My BigQuery Stories-working with JSON data
In this post of my BigQuery stories, I am sharing some use cases and techniques for working with JSON data in BigQuery. These are very common requirements for data analysts and engineers when exploring data of type JSON.
1. First up on the list is the use cases is using
with offset
in the JSON functions
Let's say you have below JSON data, a very standard structure of JSON, and a typical use case for customer data wherein, there are multiple array
addresses with an element
in the JSON showing one being current
and other’s being previous
addresses.
Now, here are a few challenges that I have always faced working with this type of data — For address standardization, data compliance, and data quality-related use cases, I had to work with every element of array
of addresses. Here’s what I did-
with jsondata as (
SELECT
JSON '{"id":"2","first_name":"Jane","last_name":"Doe","dob":"1980-10-16","addresses":[{"status":"current","address":"789 Any Avenue","city":"New York","state":"NY","zip":"33333","numberOfYears":"2"},{"status":"previous","address":"321 Main Street","city":"Hoboken","state":"NJ","zip":"","numberOfYears":""}]}' as data
) SELECT addrs, _index
FROM jsondata,
unnest(json_query_array(jsondata.data,'$.addresses')) addrs with offset _index
;
Output:
with offset
gave away the key
type index values which came in real handy to work with individual types of address elements.
2. The second use case is the grouping of JSON values of common meaning
Consider below JSON data below showing players performances for league and country and I want to group Names
and GA
(goals and assists) comma-delimited values.
WITH DATA AS (
SELECT
""" { "stats": { "epl": [{"Year":2023,
"playername":"Marcus Rashford",
"GA":"33"},
{"Year":2023,
"playername":"Bruno Fernandes",
"GA":"25"},
{"Year":2023,
"playername":"Alexandro Garnacho",
"GA":"10"} ],
"country": [{"Year":2022,
"playername":"Marcus Rashford",
"GA":"10"},
{"Year":2022,
"playername":"Bruno Fernandes",
"GA":"31"} ] } } """ AS _json )
SELECT
ARRAY_TO_STRING( ARRAY(
SELECT
JSON_EXTRACT_SCALAR(x,"$.playername")
FROM
DATA, UNNEST(JSON_EXTRACT_ARRAY(_json,"$.stats.epl")) AS x ),"," ) AS playername,
ARRAY_TO_STRING( ARRAY(
SELECT
JSON_EXTRACT_SCALAR(x,"$.GA")
FROM
DATA, UNNEST(JSON_EXTRACT_ARRAY(_json,"$.stats.epl")) AS x ),"," ) AS GA
Output:
3. Finally, my third use case is parsing
raw
data inJSON element values
Consider the JSON data below.
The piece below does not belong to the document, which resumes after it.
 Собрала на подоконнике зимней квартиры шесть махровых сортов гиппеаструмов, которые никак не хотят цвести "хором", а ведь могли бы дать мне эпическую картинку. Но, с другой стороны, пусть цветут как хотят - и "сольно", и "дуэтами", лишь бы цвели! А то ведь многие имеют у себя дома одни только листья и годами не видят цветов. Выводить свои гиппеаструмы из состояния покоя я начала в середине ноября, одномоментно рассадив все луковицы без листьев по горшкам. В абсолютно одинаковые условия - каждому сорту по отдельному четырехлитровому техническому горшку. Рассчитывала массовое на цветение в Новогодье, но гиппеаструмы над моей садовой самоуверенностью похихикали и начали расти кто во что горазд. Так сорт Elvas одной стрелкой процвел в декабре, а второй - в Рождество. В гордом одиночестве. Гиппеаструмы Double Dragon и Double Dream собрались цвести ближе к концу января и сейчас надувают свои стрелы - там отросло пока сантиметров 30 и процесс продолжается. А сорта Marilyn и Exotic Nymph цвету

Typically all descriptiontext
values will always have text that requires escaping in JSON— the ‘\`
is included in the MMA\Boxing
and the text is in the quoted string too.
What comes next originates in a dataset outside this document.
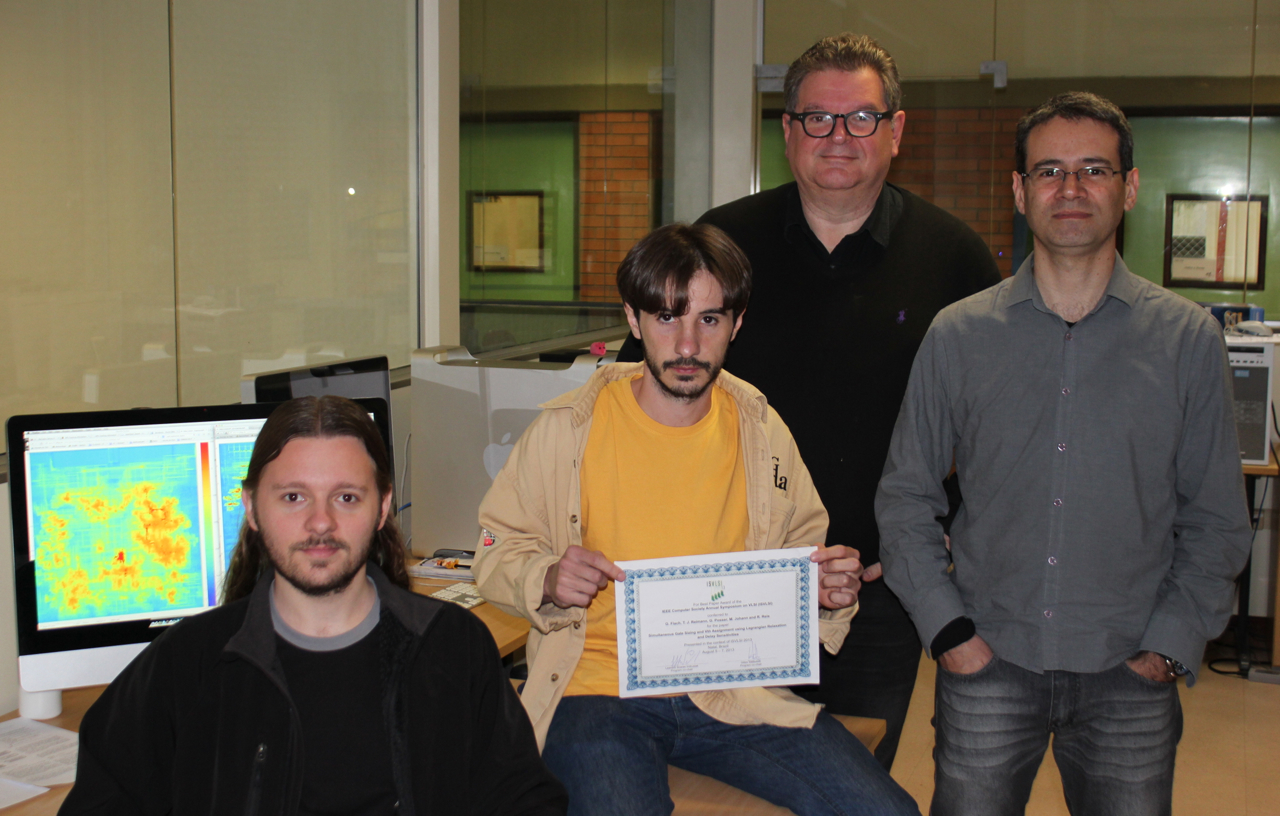 Equipe de alunos e professores do PGMicro e PPGC-INF, na área de EDA (Electronic Design Automation) ganhou o prêmio de melhor artigo (Best Paper Award) do IEEE ISVLSI 2013 – IEEE Computer Society Annual Symposium on VLSI, realizado em Natal, de 5 a 7 de Agosto. O artigo tem como co-autores os alunos de doutorado Guilherme Flach (PGMicro), Tiago Reimann (PGMicro), Gracieli Posser (PPGC – atualmente efetuando estágio na Universidade de Minnesota), e os professores Marcelo Johann e Ricardo Reis. O artigo premiado tem o título “Simultaneous Gate Sizing and Vth Assignment using Lagrangian Relaxation and Delay Sensitivities” e trata do dimensionamento automático de transistores associado à alocação de diferentes Vth (tensões de limiar dos transistores). O Comitê de Seleção do Prêmio considerou as avaliações efetuadas durante a seleção dos artigos e a qualidade da apresentação, que foi efetuada pelo Guilherme Flach. Cerca de 90 % dos trabalhos apresentados no evento foram provenientes de países de diversos continentes. No próximo ano o IEEE ISVLSI será realizado nos USA e em 2015 na França.

'{"name": "Jonny", "descriptiontext":"\"The customer has opted for MMA\\Boxing classes at EarlyLearningStage\\option\""}'
One way to parse the description text type fields is to use it the r’
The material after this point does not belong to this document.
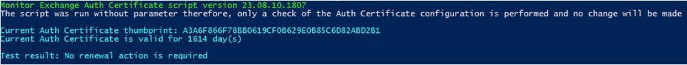 La sortie du script MonitorExchangeAuthCertificate.ps1 ressemblera à ceci si aucune action n’est requise :

expression. Here’s the query-
SELECT
JSON_VALUE(DATA, '$.descriptiontext') AS age
FROM (
SELECT
r'{"name": "Jonny", "descriptiontext":"\"The customer has opted for MMA\\Boxing classes at EarlyLearningStage\\option\""}' AS DATA ) a
Output:
Hope the above examples are useful in your journey of working with BigQuery.